Caecilians are limbless burrowing Amphibians found in tropical regions of Asia, Africa and South America. They resemble Earthworms, with circular folds on their skin which make them look segmented and skin covering their eyes (though they can see), though they are true Vertebrates with visible jawbones, which all Worms lack.. Unlike snakes they have greatly reduced or even absent tails with their anus close to or at the tips of their bodies. Caecilians are predatory with a well developed sense of smell. Most Caecilians are found on continents; island dwelling species are very rare in this group.

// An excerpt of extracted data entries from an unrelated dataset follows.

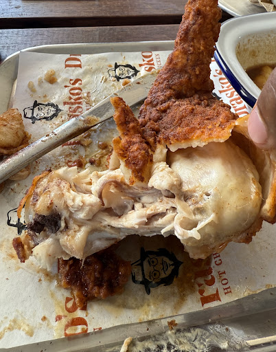 Read moreYou’d have to have been living under a rock not to have heard of Draskos in Mount Hawthorn! It is one of the few places in Perth that you’ll always find a queue, which is why, although it is local to me, I had not yet tried it. So I was excited last night at 5.30 when I walked past on my way to get dinner somewhere else and noticed nobody in there. I quickly took my opportunity to find out why this place is usually packed with customers. I was greeted by the friendliest counter staff I’ve come across in a long time. We had a great banter while my parents and I chose from the menu. He helped me choose the right heat for a first timer (no one wants to end up on the toilet for 5 hours passing the spawn of Satan🥵) I chose the signature Sando meal. We then sat down and waited for our meal. We waited a while and I watched people come and go, picking up their orders. It was at that time I noticed the picture on the wall which looked just like our humble server. Turns out that’s Drasko!! Wow!! It was lovely to realise that the friendly server was actually the owner!! This is what you look for in a restaurant! Passion in customer service that is often missing in other restaurants. I decided then, that I’d probably come back here even if the food was shite, just for the banter. The food came, and it was most definitely not shite!! The serving size was large which was good considering the price and the taste was Amazing! I ate it all even though I was full half way through. I shall definitely be coming back to Draskos to try a heat level up. I might even queue up for it....
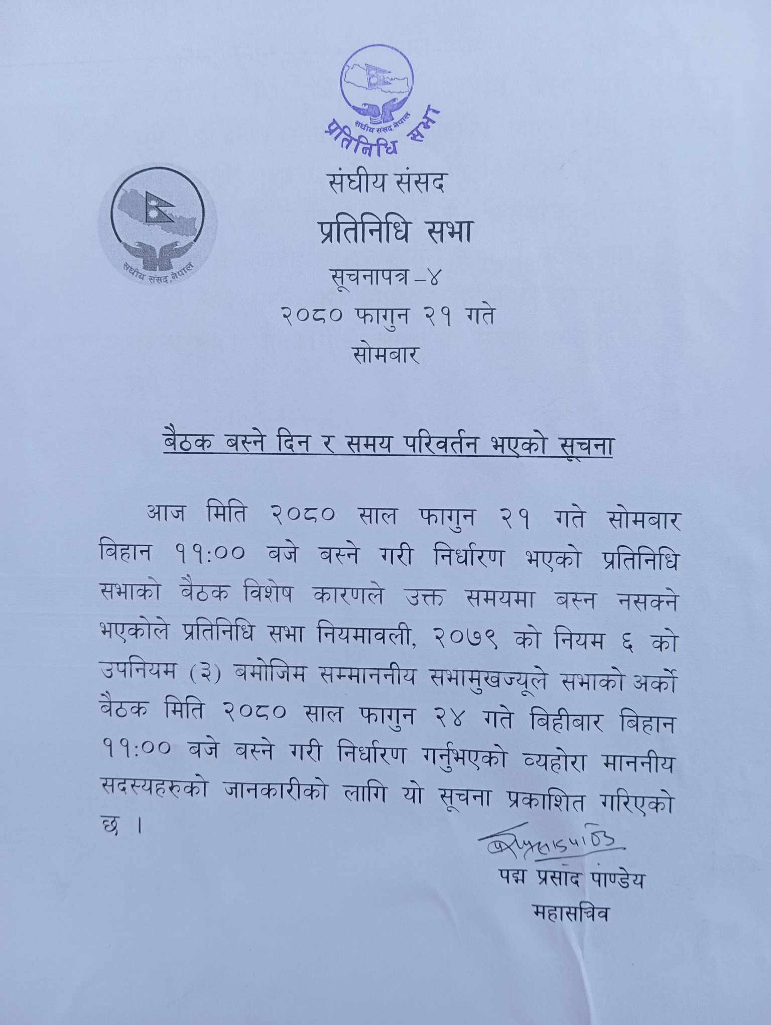 विशेष परिस्थितिका कारण प्रतिनिधि सभाको आजको बैठक फागुन २४ गते बिहीबार बिहान ११ बजेका लागि सूचना टाँसेर स्थगित गरिएको सचिवालयले जनाएको छ ।
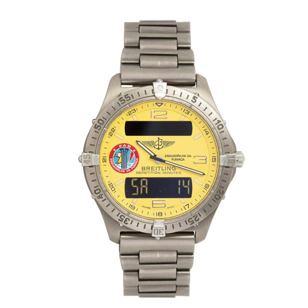 Aerospace Esquadrilha da Fumaça de titanium, chronógrafo, calendário, vidro de safira. Caixa 40mm. Pulseira 20cm.
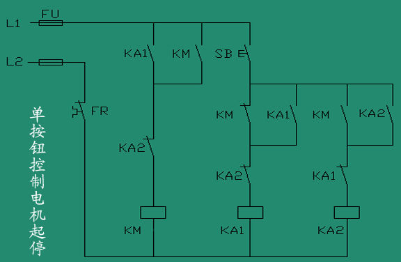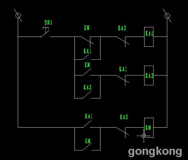 單按鈕啟停電路大家都畫個N多也說過N次,但小弟今天沒事做,用實際繼電器接了一個電路(圖如下),可并不是理想的,用PLC是沒問題,但用繼電器結果并不理想,按下第一次正確,在次按下時,KA2的一下電后就斷開,然后KA1就一直亮起,無法斷開KM。確認接線正確(還接了二次線),KM  KA1  KA2都采用MY4的普通繼電器,負載用一個24V燈。真是讓人不解,難到實際繼電器的響應不夠快?就沒有一個真正能達到效果的電路了嗎?請高手幫分析,謝謝。我想下圖也是很多人公認可以實現的電路!!!

In a paper published in the journal ZooKeys on 30 October 2019, Andrés Acosta-Galvis, Mauricio Torres, and Paola Pulido-Santacruz of the Instituto de Investigación de Recursos Biológicos Alexander von Humboldt, describe a new species of Caecilian from the western foothills of the Serranía de los Yariguíes in Santander Department, Colombia.
The new species is described from specimens collected during a recent herpetological survey in wet tropical forests of the Serranía de los Yariguíes, between 17 February and 1 May 2018 (i.e. during the dry season). Specimens were found in two separate humid spots near the Río Cascajales, which drains Tropical moist broadleaf forests, within the ecoregion of the Magdalena valley montane forests, in the foothills of the Cordillera Oriental. The collecting technique which was used to obtain specimens of the new species, consisted of first asking local people about the locations where they have spotted Caecilians using the common names of 'Blind Snakes', or 'Captain Worms'('Lombrices capitanas'), or 'Motolas' (this common name is specific for the Department of Santander). Subsequently, the reported sites were visited and inspected to select sites under the shade of vegetation, and where the soil is not compact and very humid (usually associated with water springs that form a mosaic of marshy and dry areas). Collecting efforts were focused in the selected damp microhabitats, digging with a hoe to a depth of approximately 20 cm.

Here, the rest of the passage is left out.